My work let me out early yesterday. I almost fell out of my chair. No, wait, I did. Anyway, on the way home, the mobile rings. It's Geo.
"The heater died."
(said as sarcastically as possible) "Oh THAT'S JUST GRAND!"
"Yeah, I went to wash my hands and only cold water came out. I checked the thermostat and it was 60 degrees."
"Did you call the oil company for service?"
"I was going to work. Besides, the account's in your name."
"Gee thanks babe."
"Not a problem. Love ya!"
"Love ya too."
What can I say, I call to order take-out so naturally something like that would follow suit.
So when I got home, I hit the restart button on the evil thing. It kicked over but made this unholy noise. Then it started banging and I smelled the oil. Flick goes the kill switch and the phone call was made. By 9:30, I had heat again. I love my oil company. I bought their Platinum Protection plan for 24/7 service on my heater and I use every bit of it.
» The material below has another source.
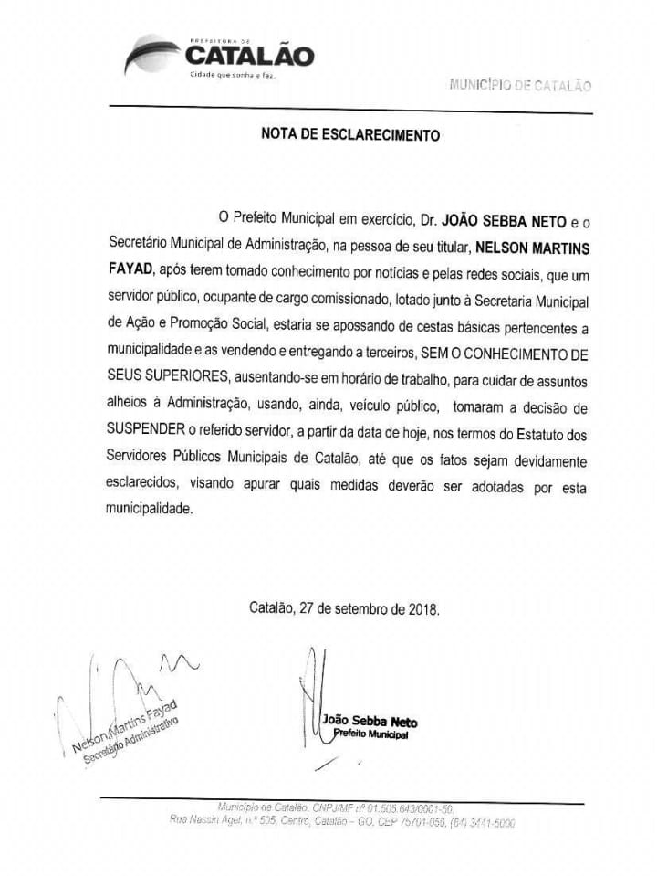 Assim que o Prefeito de Catalão em exercício, Dr. João Sebba (MDB) tomou conhecimento do fato, solicitou da Secretaria de Comunicação do munícipio confeccionasse uma nota, informando que o servidor teria sido afastado de suas funções, até que o caso fosse apurado.

It's New Year's Eve and we're spending it with our neighbors. Hey, I hate traveling on New Year's. I don't even care for the whole New Year's Eve thing. Honest, many times in my younger single days I wanted to spend it alone, in bed, asleep. I didn't care! But some people thought I was doing it because I had nowhere to go so I'd get invites to go out. What does one do when it's 10:00PM and you have a friend on the phone saying, "But, duuuuude, it's NEW Year's Eve! Ya gotta go out!" No I don't. But I would. I still wanted to really sleep. Now that I'm older and hitched, I go as far as 200 feet from my home. Let's see if I actually watch the ball drop this year (it'll be six in a row if I don't).
One New Year's Eve, I got tanked at my cousin's place. We watched Dick Clark rock in the year with Kiss. This was just before the men of make-up made their second comeback. I laughed my ass off watching 40ish guys with big ole guts wearing their party garb and thrashing their non-existent locks as they banged their heads and held up the secret devil hand signal. It was comical as all hell. Then I passed out. I remember barfing my lungs up at sometime during the night. The next morning, with a hangover that could have killed a five year old, her goofy husband walked by the room they dumped me in and said (a la Hugh Laurie from "Black Adder Goes Fourth"), "Tally ho, barf barf!!"
I have been such a slug lately at reading other blogs. It's just that there are so many! I could literally spend, minimum, two hours just reading and commenting. I suck so bad at time management. I'll get better.
What's great about the blogworld is that I never realized there are SO many talented, funny, and interesting people out there in this world. There are scads of them. We are so drowned by the likes of sports figures, entertainment idols, actors, actresses, and others of such ilk, that Joe Smith or Jane Brown often go ignored and unseen. That's what is so cool about blogging. You don't need to be an IT expert or a literary degree holder to participate. Just have a PC and access to the net and off you go!
I tip my hat to all I have met in the past few months. You are all some of the best people I have yet to meet. Kudos, hugs , and high fives all around!
I so desperately have to straighten my home. There's crap everywhere. If it's not a toy, it's a book or some type of WWII militaria or a video game or food that was cleverly disguised as a toy or important paperwork (really should put that away) or an item manufactured in China or etc etc etc. So what does one who bitches about the untidiness of their home do? They blog, of course.
I've given up on my "no cussing" agenda for this blog. It's too much of a pain in the ass to write what I want and then stop myself by thinking, "Oh, but you're trying not to cuss." Then the train of thought I had been writing suddenly derails and I'm left with this slackjawed blank stare. No more I say!
I have to go on iTunes and grab me some music. My iPod still has 13GBs to go. Damn but that thing holds a lot of tunes.
It's now nine and a half hours EST before the New Year. What's your resolutions?